Thank you for having the ability to remind me that there is a true and monstrous problem in the real world that has nothing to do with the phantom projection of the board's collective narcissistic wounds about which most of the ranting and raving and cursing of the darkness on these subjects is generally directed. With a few assists from the PR specialists who ended up paying the most for the global rights to distribute the basic narrative parameters within which the ranting and raving ought to be channeled, as well as the guard-rails that keep it there.



Thank you for reminding me that I fully anticipated a cheap-shot response of precisely this kind (and from precisely that address, sadly), but that I thought better of replying to it before it had actually arrived. So I am simultaneously disappointed and not-disappointed, if you get my drift.

Having noted a certain amount of what you choose to call "ranting and raving and cursing" in response to this sorry tale of institutionalised Ritual Abuse, you then move straight on to a strikingly untentative diagnosis of what's behind such clearly pathological anger: "phantom projection of ... narcissistic wounds". So thank you, once again, for reminding me that words are weapons, and that classical (or is it Kleinian here) psychoanalysis also has some impressively Big Words in its vocabulary, aka its armoury.
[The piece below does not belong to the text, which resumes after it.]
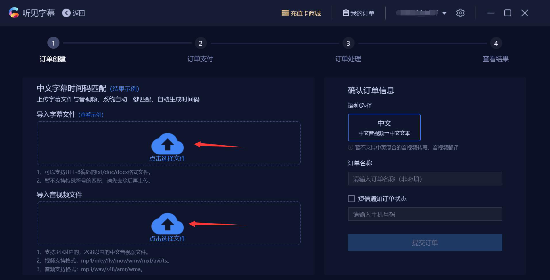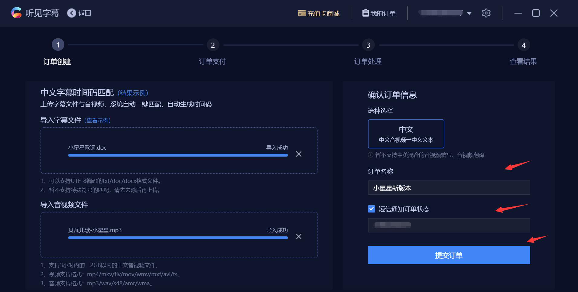 很多用户在完成音视频录制的时候,都需要对音视频添加相关的中文字幕来让整个作品变得更加完整、更有可观性。可是自己又不愿意一边播放音视频一边添加字幕文件,觉得这样的工序太繁杂太浪费时间。那么,用听见字幕就可以解决这一问题。听见字幕有中文字幕时码匹配功能,能上传字幕文件和音视频一键匹配,并且自动生成时间码。可是很多新用户不了解怎么操作,所以,本文将详细讲解听见字幕如何进行中文字幕时码匹配,帮大家做出优秀的音视频。 如何使用听见字幕的中文字幕时码匹配功能? 1、首先,用户需要注册登录听见字幕。输入注册时的手机号和密码,点击“登录”按钮。  2、然后,在听见字幕的向导页中,点选“中文字幕时间码匹配”,再点击“20. 机器人是怎么发明出来的?手机为什么可以看这么多视频,人家是怎么放上去的?人们是怎么想出来飞机的?又是怎么造出来的?为什么他们那么聪明,能发明这么多好东西?我长大了也要发明好多东西,当一个发明家。开始制作”的按钮,从而进入听见字幕的中文字幕时码匹配操作。  3、此时,听见字幕会弹出字幕文件示例的窗口,用户点击“我知道了”的按钮即可。  4、接下来,在听见字幕的中文字幕时码匹配界面,用户需要导入字幕文件和音视频文件,如下图所示。  5、当文件导入成功后,用户需要在右侧订单信息处,填写文件输出的名称,并点击“提交订单”的按钮。  6、最后,在听见字幕的订单支付界面中,用户需要选择支付方式,并点击“立即支付”的按钮进行支付即可完成。  听见字幕在进行中文字幕时码匹配的过程中,如果自己导入的文件是比较大的话,那就在确认订单的界面中勾选“短信通知订单状态”。当听见字幕执行中文字幕时码匹配的操作完毕后会有短信通知用户。 -

The question is whether we have to take those words at face value or admit that they have any particular explanatory or diagnostic power. And we don't. We can in fact choose to say that what you're describing is a near-universal human capacity to empathise. And that has the advantage (for those at the receiving end) of not sounding nearly as dauntingly pathological as your tendentious polysyllabic diagnosis.

FWIW, and I can only speak for myself, I was never beaten by my parents, nor was I ever incarcerated or fed mind-altering substances against my will. So if I can empathise with that child, and I can, then it's not because I've been through any remotely comparable ordeal. It's because I'm a mammal of the human species. And empathising is a task literally anyone can master, a task very few people can avoid mastering. It's child's play, in fact, unless the children have that inborn capacity beaten or drugged or pathologically diagnosed out of them, perhaps with the assistance of Big Words.

Actually, the thing that struck me as the only really strong indicator of some kind of parental culpability was the part about how they would run around with her thirteen or fourteen hours a day when she was an infant. I've never known any new parents who were so stupid or so freaked out or so clueless or so self-centered, or so some-combination-of-the-forgoing that their inability to distinguish the boundaries between themselves and their newborns led them to spend several years torturing a colicky baby without even knowing it. But I've known a whole grip of them who came close enough that it's a whole lot easier to imagine than I wish it were. Or than should ever even be possible. But you know. It's not like you have to get a license to have a baby.


Hmm, yes, that might be worth looking into (after we've done the serious scientific research)... Torturing a baby, whether deliberately or inadvertently, might just possibly have the tendency to produce some decidedly unpleasant symptoms in the torturee, which we might (or might not) then choose to call evidence of "early-onset schizophrenia".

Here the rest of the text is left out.